# Channel Master CM-2020



## ESA1178 (Dec 3, 2011)

Anybody recommend the Channel Master CM-2020 antenna?
Along with a preamp. For long range digital?

Thanks!


Mark


----------



## Jim5506 (Jun 7, 2004)

It depends entirely on what you mean by "long range digital".

First - there is no such thing as a "digital" antenna - an antenna is an antenna is an antenna.

Now, TV reception and especially digital reception is more of an art than a science, so within certain parameters it is usually governed by trial and error.

CM rates this antenna for reception up to 60 miles. That would be over flat, level (is that a redundancy) ground with no obstructions.

I consider this CM2020 to be a midrange antenna, not a long range antenna.

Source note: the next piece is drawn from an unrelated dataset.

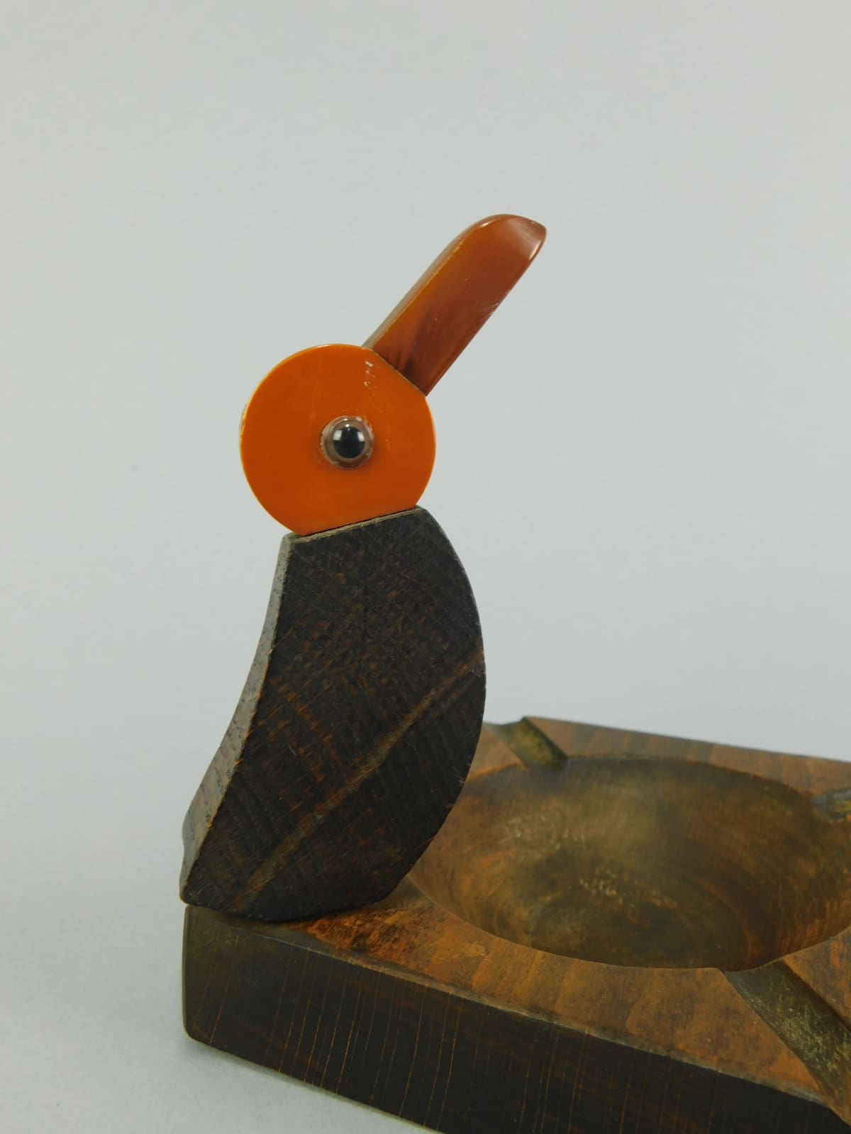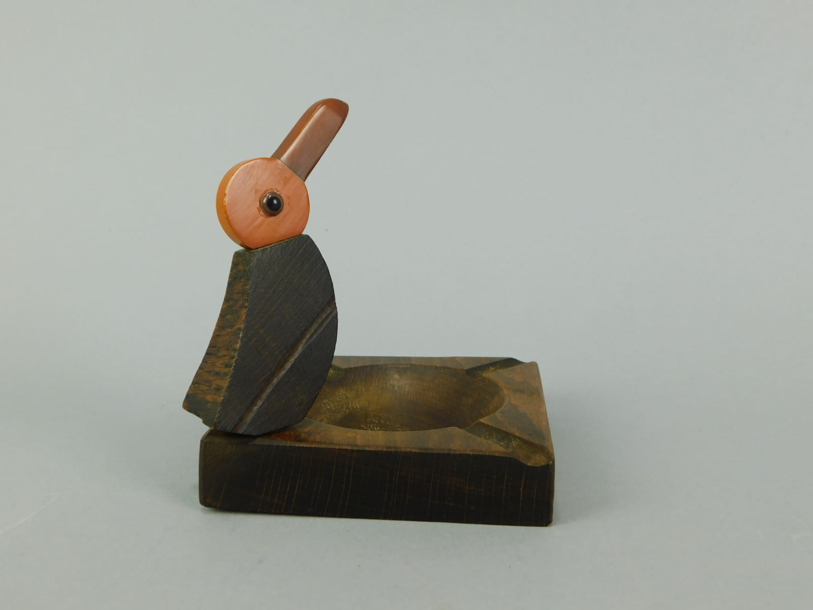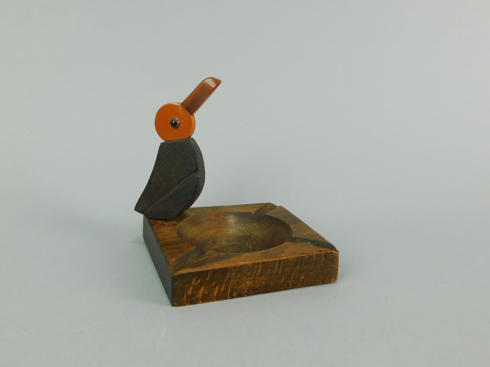 Hand carved art deco bird with a phenolic head and glass eyes. Mounted on a wooden ashtray base.

If you are in the LA area and have a view from 60, maybe more, miles away of Mt. Wilson, this antenna will probably work for you.

As a general rule the larger the antenna is, the more elements it has, the further it can receive stations.

Channel master has quite a few larger antennas that would get more signal out of the thin air than the CM2020, and If you are looking at VHF high /UHF combo antennas Winegard makes a complete line of them from the HD7694 to the HD7698 which is a monster, all of which are stronger at collecting signal than the CM2020.


----------



## Stuart Sweet (Jun 19, 2006)

Not knowing where you are, if you are in So Cal you probably don't need an antenna that big. I live 55 miles from Mt. Wilson and an indoor antenna works surprisingly well.


----------



## Jim5506 (Jun 7, 2004)

Stable OTA reception from 55 miles with an indoor antenna is truly remarkable.


----------